‘Calvert Casey was born in Baltimore and raised in Havana. Calvert Casey was born in Havana and raised in Baltimore. American or Cuban, it’s the same ... The only certainty is that he was a writer.’ This is how Guillermo Cabrera Infante, who knew him as well as anyone did, got around the vagueness that still surrounds the early life of Calvert Casey, the cult author of 17 stories, a handful of critical articles and a poem. There has been little research on his life or the unpublished texts that are rumoured to exist, and the stories we have are hard to date more precisely than to the ‘early Sixties’ or ‘late Sixties’, in accordance with his three original collections of 1962, 1963 and 1969; but this is likely to be rectified soon. Casey’s mildly tragic life and meagre oeuvre are being rediscovered by a new generation of Latin Americans, who’ve had enough of the magic realist/political masters and their sensual and linguistic excesses.
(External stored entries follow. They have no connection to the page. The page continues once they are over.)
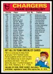 1974 Topps Checklist San Diego Chargers Team 8 - NM/MT
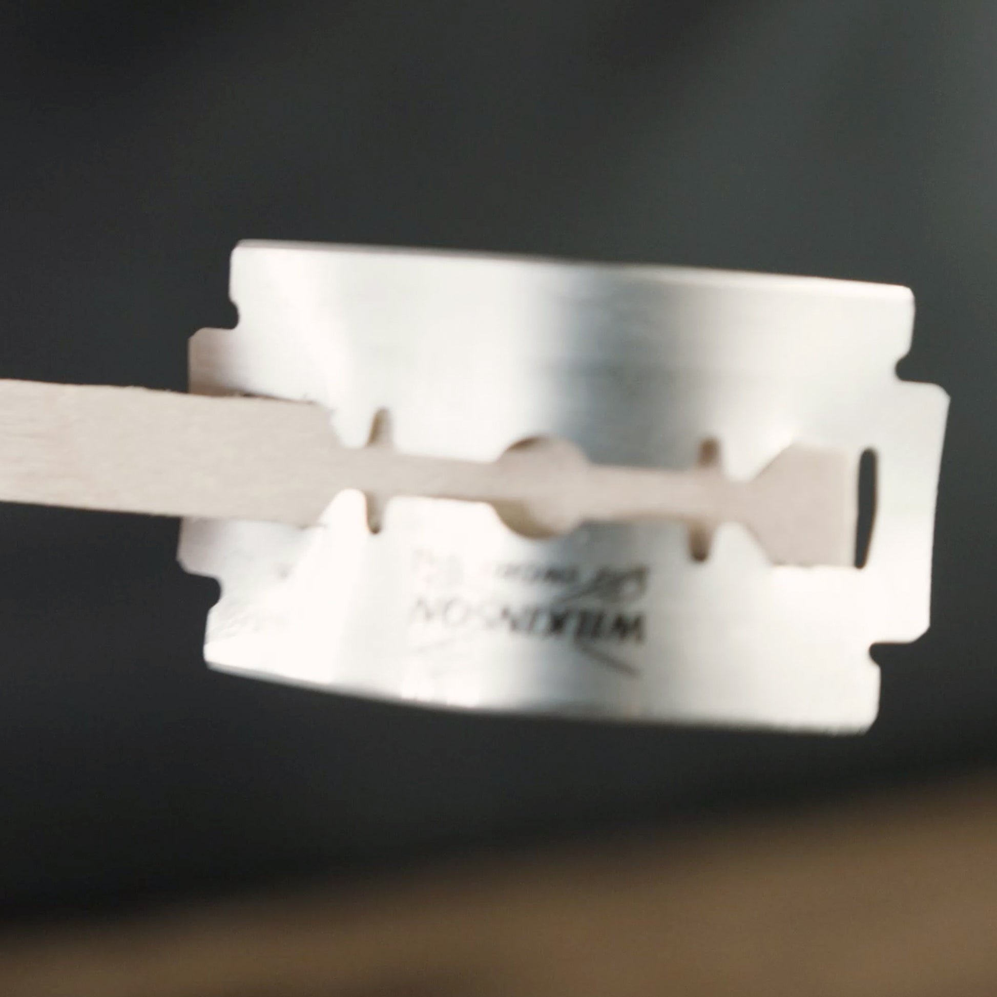 Supplied in a pack with five razor blades, two stirring sticks and instructions. Mounted by carefully bending the razor blade between two fingers so that the stirring stick can be inserted and clamped in two of the razor blade's holes.
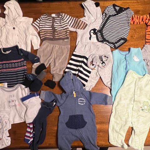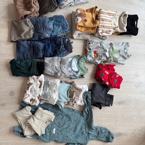 Stor klespakke til gutt, mest fra Hennes og Mauritz. 8 heldresser, 10 bodyer, 8 bukser
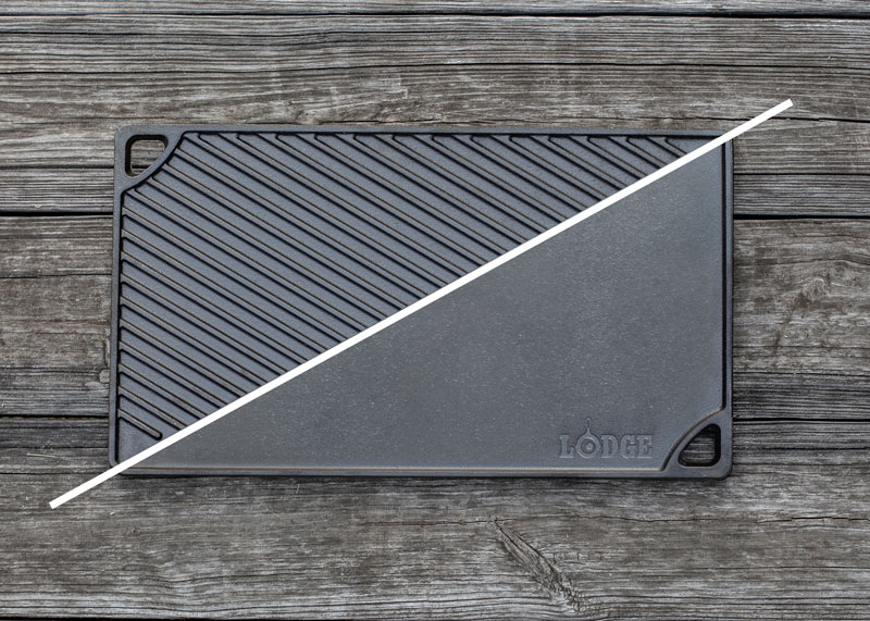 Khay gang nướng đa năng Lodge có lỗ khoét ở hai đầu thuận tiện cho bạn nâng hoặc nhấc khay ra khỏi bếp nướng. Khay gang có thể tạo ra lớp chống dính tự nhiên bằng cách tôi dầu thường xuyên sau mỗi lần sử dụng.
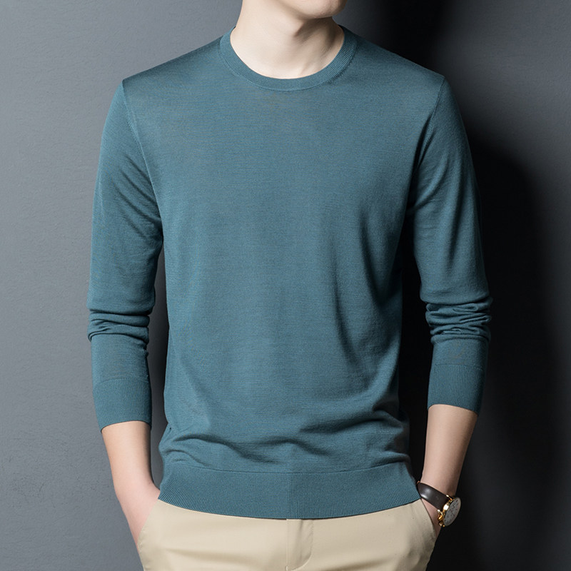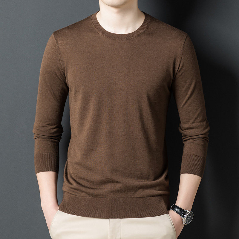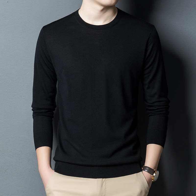 Spring and autumn round neck sweater long-sleeved men's thin sweater worsted non-sensing pure wool sweater men's inner bottoming shirt
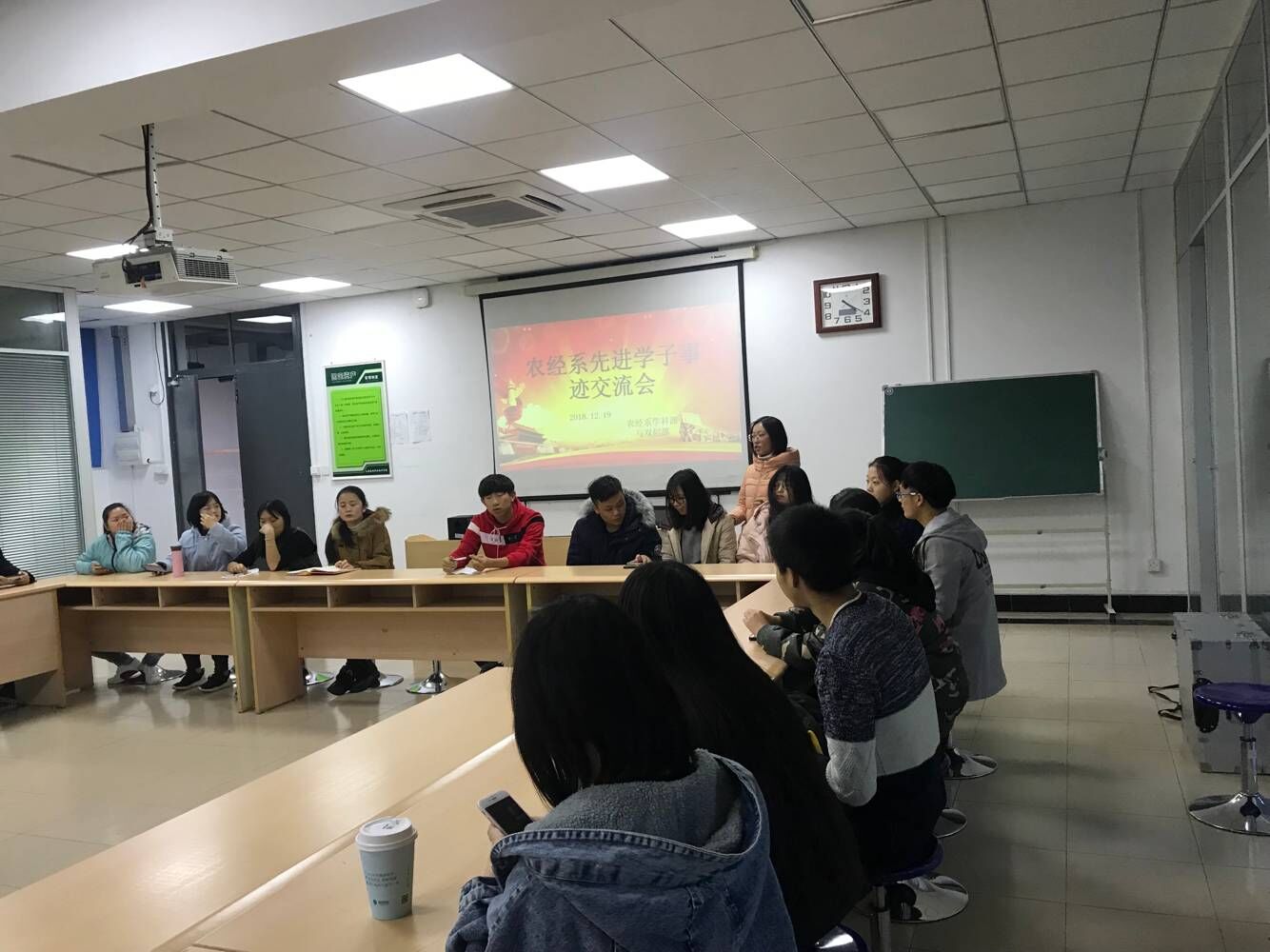 2018年12月19日下午4:15,系学科部和双创部主办的“农经系先进学子事迹交流会” 在一教415举行。学科部邀请了学生身边的三类典型(道德模范、专业学习与创业模范、综合素质与能力全面发展模范)作为报告团成员,他们向大一的学弟、学妹们分享了自己的心路历程,传递着榜样的力量。

A wholesale ‘structural adjustment’ has taken place within the culture: if Casey was obscured during the age of thick tomes, his economical, almost ecological restraint in dealing with both the gross and the infinitesimal now provides a precedent for younger writers, while the crucial ineptitude for living that he expresses is entirely appropriate for the disabled Nineties.
Casey was stateless by nature. Though the Cuban literati have lately laid claim to him, this seems a futile exercise. By 1969, when he decided to die in Rome at the age of 45, he was no longer either American or Cuban. He went back to live in Cuba just before or perhaps just after the Revolution. He left, barely ahead of disgrace, in 1965; his Cuban passport expired four years later and no embassy was prepared to renew it. Even the Italians wanted him out, but they were forced, in the end, to accommodate him under a stone in Rome which carries this cruel epitaph in English: ‘He was gentle/He was weak/He was destroyed.’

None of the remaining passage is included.